GBA briefs: 4/17/2020

Revenge dining: Consumption coupons worth 360 million yuan are being gobbled up – literally – in Foshan, local media report. A reporter recently visited several major commercial districts in this city of more than 10 million people and found long waiting times at restaurants and few available spaces in car parks. SCN.

Faster by train: Trains running to Europe from Dongguan have seen strong growth recently, as sea and air cargo routes have been disrupted by the coronavirus pandemic. In the year to date, official data shows 21 international trains carrying 2,050 TEUs, with a value of US$112 million have departed from Dongguan’s Shilong Station. More than half went in March: 12 trains (+9.1% YoY), 1,170 TEUs (+14.7%) and US$63.88 million (+9.1%). “Trains save nearly 2/3 of the time compared to ocean liners, are nearly 50% of the cost of flights, and maintained normal operation during the epidemic,” one exporter said. 

Wild stuff: Here is what the provincial government has to say about the trade of wild animals across Guangdong: (The government will) “prohibit illegal wildlife trade, eliminate the bad habits of overeating wild animals, regulate the artificial breeding of terrestrial wild animals for food purposes, and ensure their disposal. Local governments should support, guide, and help affected farmers to adjust and change their production and operation activities, and provide certain compensation according to the actual situation. Those that are legally cultured and shut down in accordance with regulations should be compensated. Priority should be given to poor households for compensation.

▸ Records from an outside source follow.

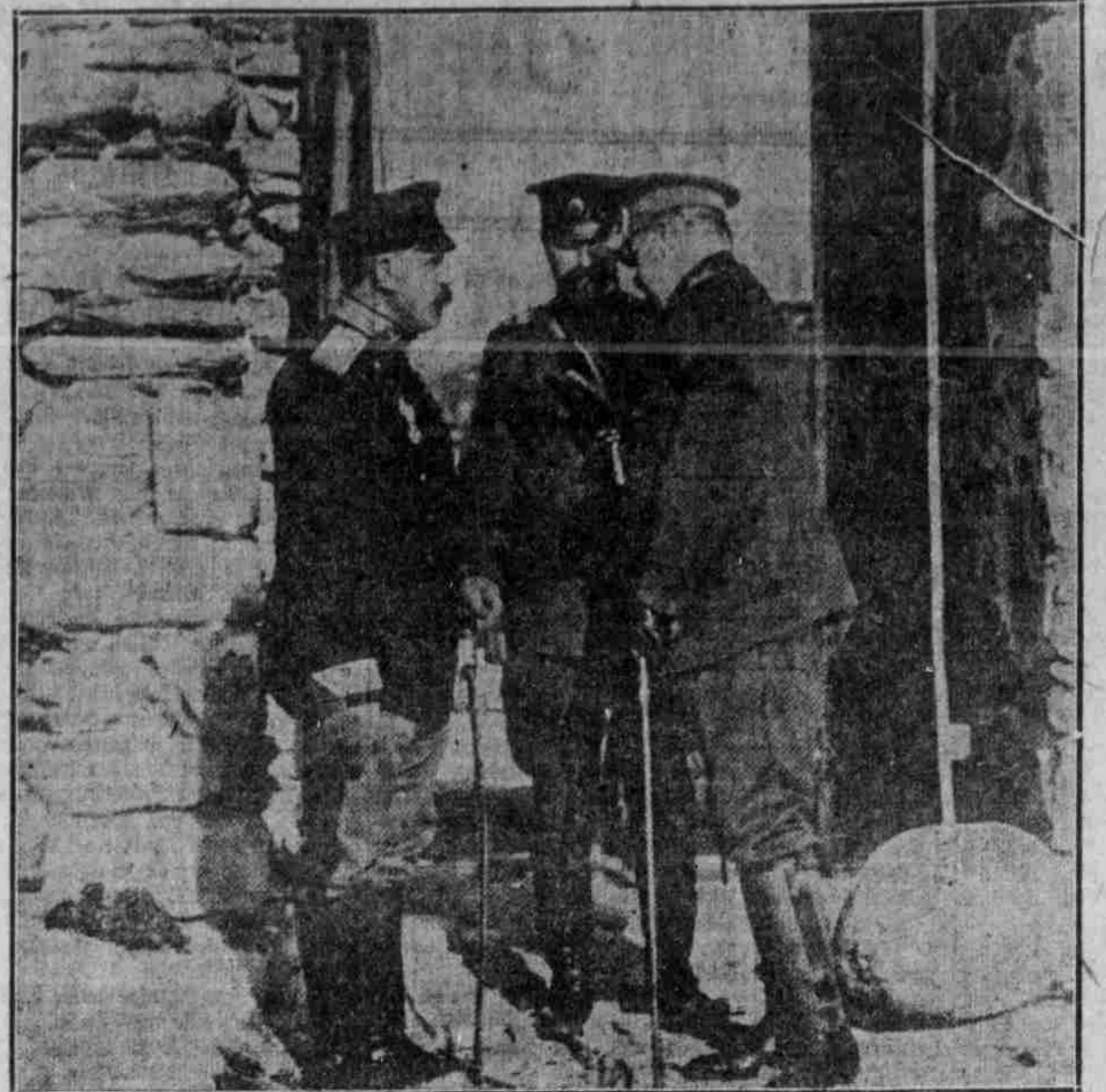
König Ferdinand von Bulgarien (rechts) im Gespräch mit zwei bulgarische Generalen.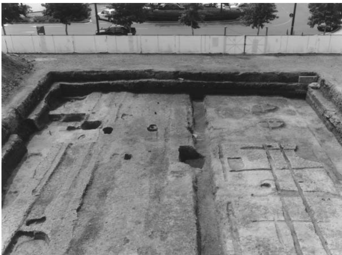
2 調査区全景 第2面（北から）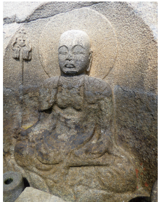
図3 磨崖和霊石地藏の現在の表面状態(2016年撮影)

この像の現在の劣化状態を客観的に議論するための有力な判断材料として、1986年に造られたレプリカ(図4)の存在が知られている。これは、岩塊の大部分を型取りすることによって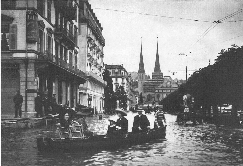
Abb. 7: Luzern während des Hochwassers 1910. Blick entlang des Schweizerhofquais zur Hofkirche St. Leodegar. (Fotografie, Stadtarchiv Luzern, F2a/Naturereignisse/19.XIV:3)

Hochwasser von 1910 andernorts in der Innerschweiz massive Zerstörungen anrichtete, so suggerieren die zahlreichen Fotografien vom Luzerner Seeufer eine fast romantische Einstellung der Bevölkerung zu den Auswirkungen der Überschwemmung. Dies mag daran liegen, dass sich der finanzielle Schaden in Grenzen hielt und eine soziale Schicht traf, der daraus vermutlich keine existenzielle Bedrohung erwuchs.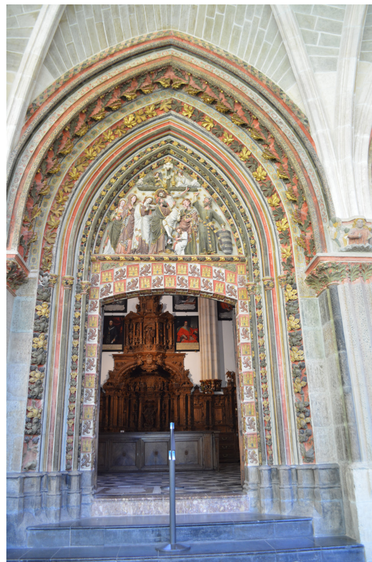
Fig. 1: Puerta de la Capilla de Santa Catalina, Catedral de Burgos

La composición y las referencias a la monarquía de los elementos ornamentales de la puerta de la capilla están relacionados con la puerta del claustro labrada décadas antes en el brazo sur del crucero de la catedral, de la que toma el arco escarzano del vano y la ornamentación de castillos y leones que reviste el arco y las jambas, modalidad decorativa de la segunda mitad del siglo XIII que se mantuvo vigente en los primeros años del siglo XIV 2 . La referencia explícita a la monarquía de la portada tiene continuación en el programa escultórico interior y es coherente con la voluntad del obispo don Gonzalo de Hinojosa, promotor de la capilla, de revitalizar las relaciones de su catedral con la monarquía 3 .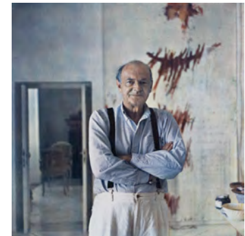
9) Gaeta, 1995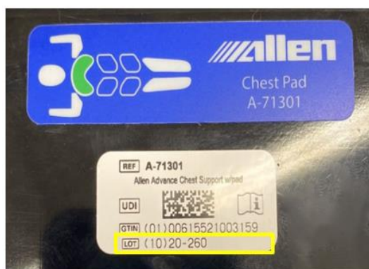
Slika. 1. Naljepnica s brojem serije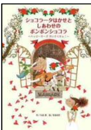
「ショコラータはかせと しあわせの ボンボンショコラ」 小山 進/文 (フレーベル館)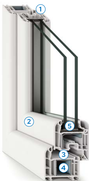
Design classico con linee arrotondate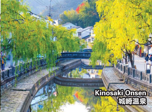
Kinosaki Onsen 城崎温泉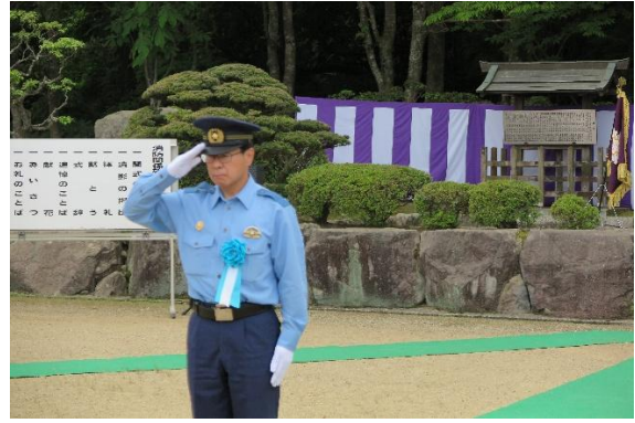
上村東近江警察署長 献花

Those who have obtained an administrative license or illegally engaged in breeding will not be compensated.” SCN.

Guangdong robots rule: Guangdong accounts for 28% of all patent applications for industrial robots across China, well ahead of any other province. SCN.

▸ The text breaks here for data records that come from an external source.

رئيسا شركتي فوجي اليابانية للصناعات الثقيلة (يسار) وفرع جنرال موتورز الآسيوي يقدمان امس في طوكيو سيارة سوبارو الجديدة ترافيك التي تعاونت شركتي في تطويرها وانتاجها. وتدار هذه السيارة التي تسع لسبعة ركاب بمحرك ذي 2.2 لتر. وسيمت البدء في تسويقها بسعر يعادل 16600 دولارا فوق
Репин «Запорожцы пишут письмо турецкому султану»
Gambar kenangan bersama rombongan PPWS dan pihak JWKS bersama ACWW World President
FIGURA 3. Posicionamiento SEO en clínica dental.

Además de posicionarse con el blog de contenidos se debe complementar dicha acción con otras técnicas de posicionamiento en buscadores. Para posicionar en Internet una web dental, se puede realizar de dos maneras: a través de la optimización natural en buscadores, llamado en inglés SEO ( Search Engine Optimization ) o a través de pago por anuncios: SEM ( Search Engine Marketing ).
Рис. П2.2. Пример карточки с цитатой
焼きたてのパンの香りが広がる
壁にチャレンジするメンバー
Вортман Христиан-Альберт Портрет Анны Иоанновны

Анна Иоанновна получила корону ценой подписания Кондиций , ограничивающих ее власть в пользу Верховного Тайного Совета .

Kids prepped: Schools across Guangdong have been running live drills for children to prepare for a resumption of classes, which start in phases from April 27. SCN.

Nanshan No. 1: Shenzhen’s Nanshan district, home to many of its biggest tech companies, has doubled its GDP over the past five years, to 610 billion yuan. That is the highest of any district in Guangdong, and third in the country. It grew 7.6% last year. SCN.

Qianhai on track: Shenzhen’s special zone of Qianhai managed to keep investment pumping in Q1, despite the coronavirus, with 24.8% of the year’s total budgeted investment actually spent. Utilized foreign direct investment, meanwhile, stayed positive year-on-year, and accounted for more than half of the city’s entire foreign investment in the period. SZN.

Baiyun cargo soars: Guangzhou’s Baiyun International Airport is now handling around 113 daily flights for cargo as orders for medical-protection gear are surging. SCN.

Cathay cuts: Cathay Pacific is to sack almost 300 of its staff in the United States and close its cabin crew bases there, in its biggest cutback of employees during the coronavirus pandemic. SCMP.

Article 23 storm: The storm over gridlock in Hong Kong’s legislative council has intensified, with public accusations of abuse of power and interference in Hong Kong affairs being thrown by both democrats and pro-establishment voices. At the heart of the debate seems to be the potential for passage of Article 23 (national security) legislation before the September elections, in which the democratic camp is expected to take control of the legislature. SCMP.